--- Collected material Enclosed Below ---
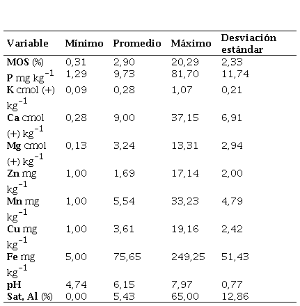 Table 6. Summary of the results of the descriptive analysis of soil attributes in cocoa cultivated sites of the Nariño mountain range.
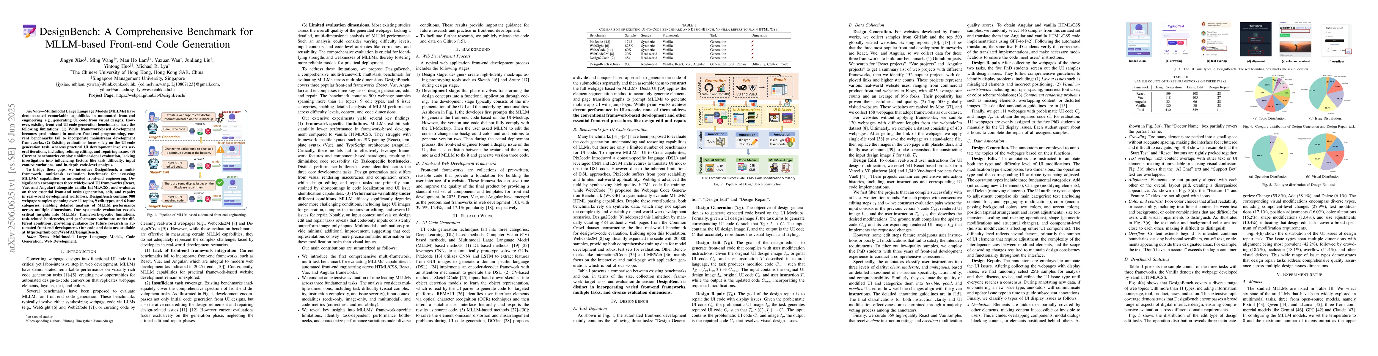DesignBench introduces a comprehensive benchmark for MLLM-based front-end code generation, evaluating three frameworks and three tasks with 900 webpage samples, revealing framework-specific limitations and performance variations.
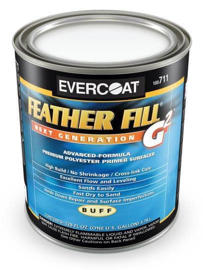 EVERCOAT® Feather Fill® G2™ Premium Polyester Primer Surfacer, 3.78 L Net Content, Liquid Form, Gray, Aromatic Odor/Scent, Composition: Styrene, Talc (Hydrous Magnesium Silicate), Acetone, Titanium Dioxide, Barium Sulfate (BaSO4), Magnesite, Crystalline Silica (Quartz), Mineral Spirits (Stoddard Solvent), 4 to 6 hr Dry Time, Density: 11.35, 132 g/L, 96 g/L VOC, 1200 sq-ft/gal Coverage Area, Application Method: Spray Gun, Applicable Materials: Body Filler or Putty, Epoxy Primer, Fiberglass, Rigid Plastics, Self-Etch Primer, SMC and Wood
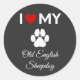 Sticker Rond J'aime mon Old English Sheepdog texte personnalisé
--- End of Enclosed Collected material ---
_Description of the task_
From the first line to the last, output the data exactly; skip any pictures.

_Solution to this problem_
 Table 6. Summary of the results of the descriptive analysis of soil attributes in cocoa cultivated sites of the Nariño mountain range.
DesignBench introduces a comprehensive benchmark for MLLM-based front-end code generation, evaluating three frameworks and three tasks with 900 webpage samples, revealing framework-specific limitations and performance variations.
 EVERCOAT® Feather Fill® G2™ Premium Polyester Primer Surfacer, 3.78 L Net Content, Liquid Form, Gray, Aromatic Odor/Scent, Composition: Styrene, Talc (Hydrous Magnesium Silicate), Acetone, Titanium Dioxide, Barium Sulfate (BaSO4), Magnesite, Crystalline Silica (Quartz), Mineral Spirits (Stoddard Solvent), 4 to 6 hr Dry Time, Density: 11.35, 132 g/L, 96 g/L VOC, 1200 sq-ft/gal Coverage Area, Application Method: Spray Gun, Applicable Materials: Body Filler or Putty, Epoxy Primer, Fiberglass, Rigid Plastics, Self-Etch Primer, SMC and Wood
 Sticker Rond J'aime mon Old English Sheepdog texte personnalisé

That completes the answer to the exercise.